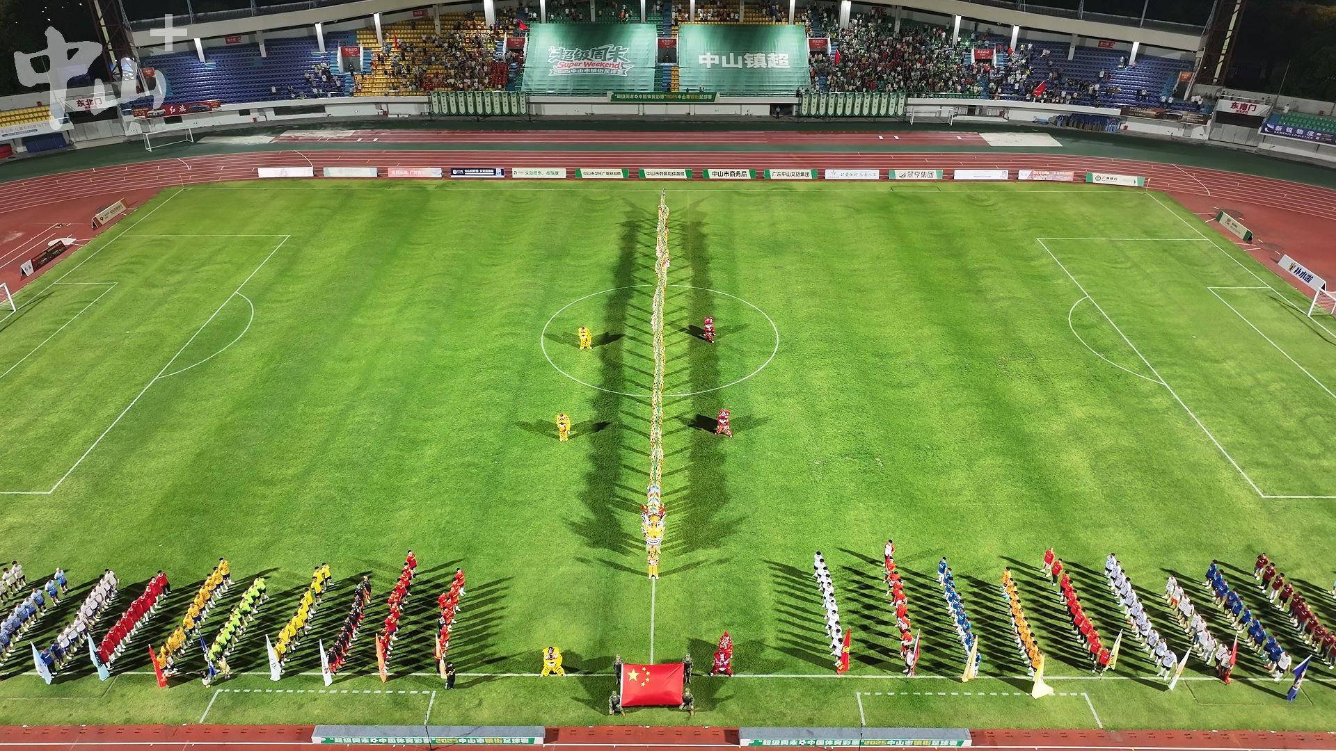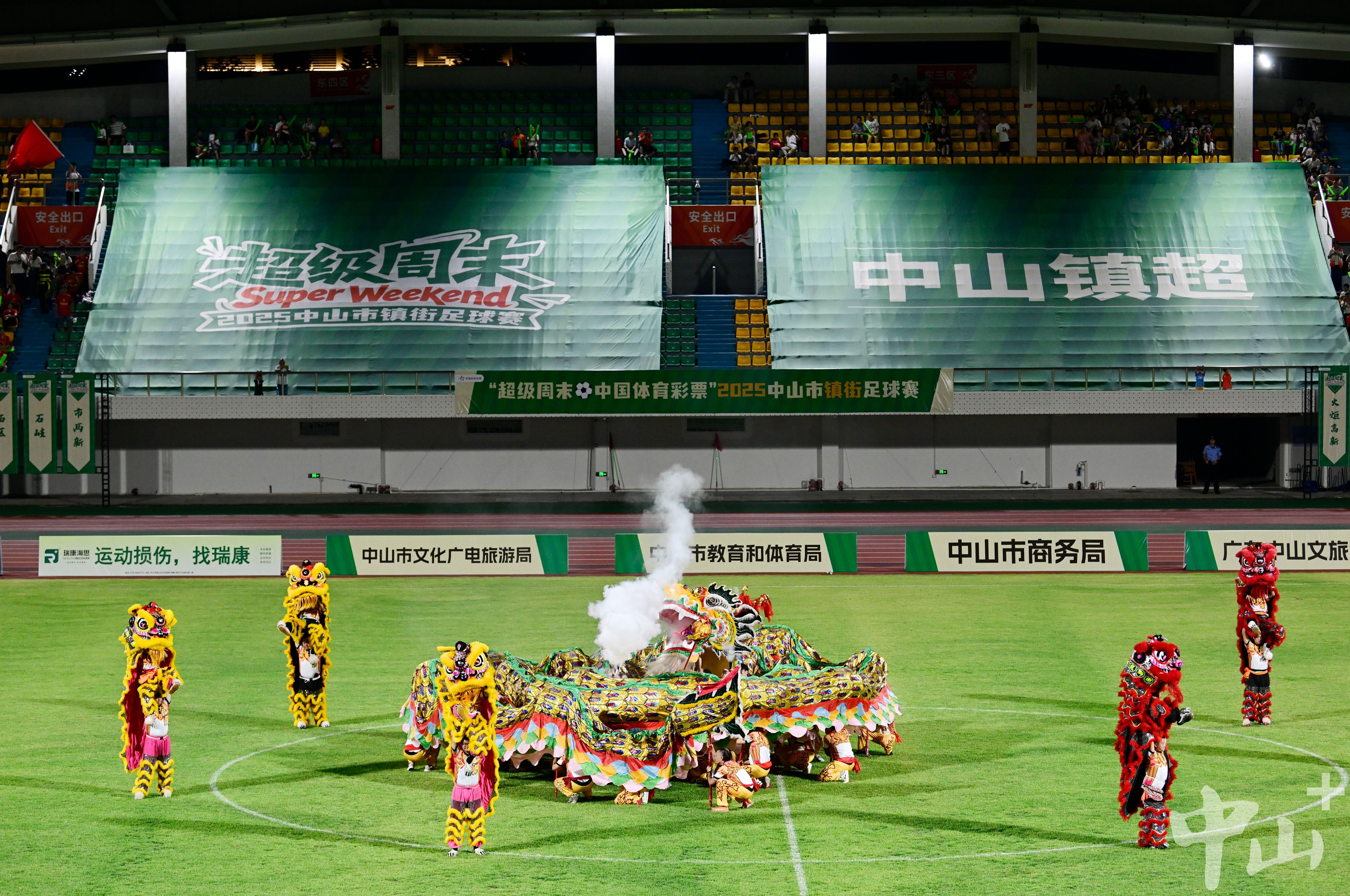 晚间7时,开幕式在一场精彩纷呈的文化展演中拉开序幕。咸水歌的水乡韵律、起湾金龙的灵动舞姿、龙狮表演的刚劲腾跃与震天鼓声……本土文化符号在体育场景中完成现代转译,既让现场观众感受到中山深厚的文化底蕴,也为接下来的足球赛事注入了独特的本土精神。
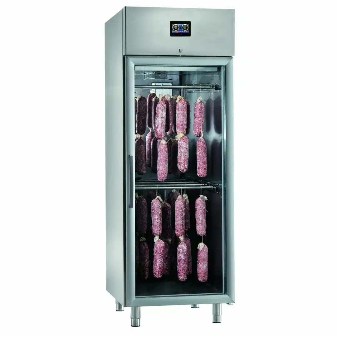 Armoire de séchage 1 porte, conçue pour offrir un contrôle total des paramètres de maturation et de séchage, garantissant des résultats optimaux pour les professionnels de la cuisine.
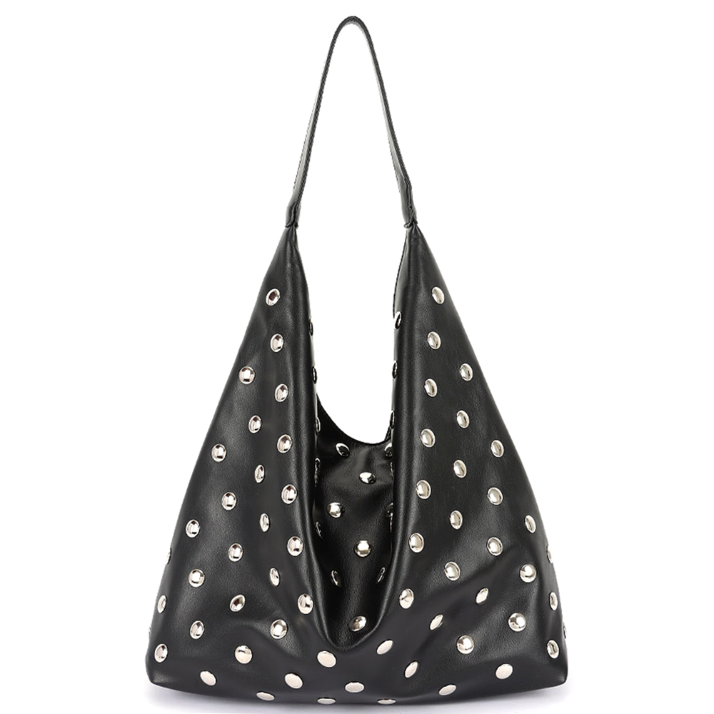 KNOT SMOOTH STUDDED SHOULDER HOBO BAG
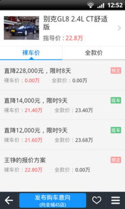 3.底价购车:一对一砍价太麻烦?发布您的心理购车价格,全城汽车4S店为您提供购车报价方案;
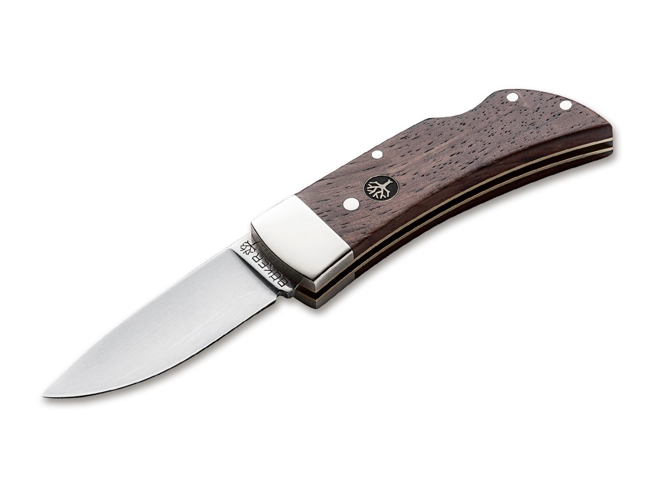 Unser Taschenzwerg, das Böker Pocket, ist seit jeher ein überaus beliebtes Modell für die sprichwörtliche Westentasche oder die Münztasche der Jeans. Die Griffschalen des extrem leichtgewichtigen Taschenmessers bestehen aus zertifiziert importiertem Palisanderholz. Die Klinge wird aus 4034 gefertigt, einem klassischen Solinger Klingenstahl, der Schnitthaltigkeit, Korrosionsresistenz und leichte Nachschärfbarkeit verbindet. Verriegelt wird die Klinge durch einen klassischen Backlock.

What you are asked to do: Write all the entries again word for word, minus the pictures.

Task solution:
 晚间7时,开幕式在一场精彩纷呈的文化展演中拉开序幕。咸水歌的水乡韵律、起湾金龙的灵动舞姿、龙狮表演的刚劲腾跃与震天鼓声……本土文化符号在体育场景中完成现代转译,既让现场观众感受到中山深厚的文化底蕴,也为接下来的足球赛事注入了独特的本土精神。
 Armoire de séchage 1 porte, conçue pour offrir un contrôle total des paramètres de maturation et de séchage, garantissant des résultats optimaux pour les professionnels de la cuisine.
 KNOT SMOOTH STUDDED SHOULDER HOBO BAG
 3.底价购车:一对一砍价太麻烦?发布您的心理购车价格,全城汽车4S店为您提供购车报价方案;
 Unser Taschenzwerg, das Böker Pocket, ist seit jeher ein überaus beliebtes Modell für die sprichwörtliche Westentasche oder die Münztasche der Jeans. Die Griffschalen des extrem leichtgewichtigen Taschenmessers bestehen aus zertifiziert importiertem Palisanderholz. Die Klinge wird aus 4034 gefertigt, einem klassischen Solinger Klingenstahl, der Schnitthaltigkeit, Korrosionsresistenz und leichte Nachschärfbarkeit verbindet. Verriegelt wird die Klinge durch einen klassischen Backlock.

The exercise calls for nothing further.